While several big-name mortgage lenders such as Ameriquest went out of business this year, taking millions of pieces of mortgage-related direct mail out of the pipeline, many surviving firms switched tactics from focusing on adjustable-rate mortgage (ARM) loans to offering fixed-rates loans to holders of ARMs. Now that ARM rates are freezing, they are going to have to switch gears again and some may go out of business, said Adam Hause Sr. president at V12 Group, which provides marketing services for mortgage lenders.
“The government is stepping in and providing some stability, but ‘is it enough?' is a question I hear asked a lot,” Hause said.
However, because there is less competition than just a few months ago, some mortgage lenders are finding that “response rates are starting to come around to where it is valuable to mail again,” said Tom Emmerson, VP of Direct Group LLC's mortgage marketing division. Companies that were mailing 500,000 pieces at the beginning of the year dropped down to 50,000 over the past few months, he said. Now, they're starting to increase mailing quantities again, although, he added, “we're not even close to the half-million point.”
According to Mintel Comperemedia research, the number of mortgage direct mail offers declined 62% in the third quarter compared to the same period last year. Also, during the same time frame, 22% of all offers were for adjustable-rate mortgages — the ones being addressed by Bush's plan — while last year at this time 56% of offers were for this type of loan.
“The companies that have cash are trying to market aggressively,” agreed Randall Putala, president at Strategic Direct Marketing Inc.
However, while companies may be getting plenty of inquiries, the majority of people responding don't have sufficient credit to be approved for a loan in today's climate. As a result, the cost per acquisition has recently increased dramatically.
“For every 10 people who need help, only one will be approved for a loan,” Putala said.
The current mortgage crisis has increased scrutiny on mortgage marketers.
“We as an industry need to be careful with what we do,” said Adrea Rubin, founder of Adrea Rubin Marketing & Management Inc., whose company specializes in financial services. “Consumers are having problems; let's help them by educating them and making sure we're talking to the right people.”
Rubin added that mortgage lenders also need to be sure that they are mailing offers that consumers can understand and can pay.
In fact, marketing services providers report that more lenders are increasingly targeting consumers with good credit for Fannie Mae and Freddie Mac approved loans. As a result, according to Hause, marketing strategies are shifting to focus more on Internet-generated leads and live transfers than on direct mail.

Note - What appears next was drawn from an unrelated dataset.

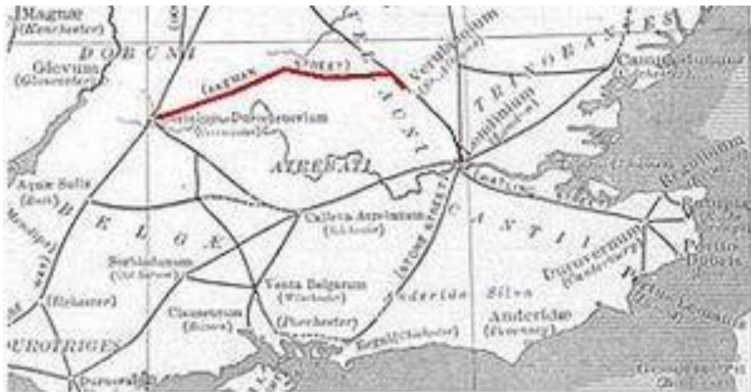
Fig. 1. Roman roads in south east England; Akeman Street, between the north of Verulamium and the Fosse Way at Corinium Dobunnorum is marked in red.

Today from Oxford the villa can also be approached following the itinerary shown on the map in fig. 2 .

“The borrower with good credit is inundated with direct mail to begin with, so he or she is more likely to fill out an Internet application,” he said.
In a live transfer, V12 Group gets the borrower on the phone and transfers him or her directly to a loan officer.
Putala adds that, for those that are continuing to mail, the list selection has to be much more refined. One reason for this is that there are different income caps in every state for many of the loans being offered right now.
“Data has become so important,” The Direct Group's Emmerson agreed. “Before, you could mail anybody anything. Now, it is going to require information-rich communication and that is something direct is really good at.”
Another strategy gaining popularity right now is the trigger lead, according to Putala. When someone applies for a loan and a bank pulls a credit report on the applicant, the credit bureau will send that information to other lenders, who will quickly send the applicant a better offer at the last minute.
“There has been some call to ban this practice,” because the mortgage bank has put all the work into generating the lead only to have it taken away, Putala said.
Consumer advocates, however, say the consumer wins because they get a lower price.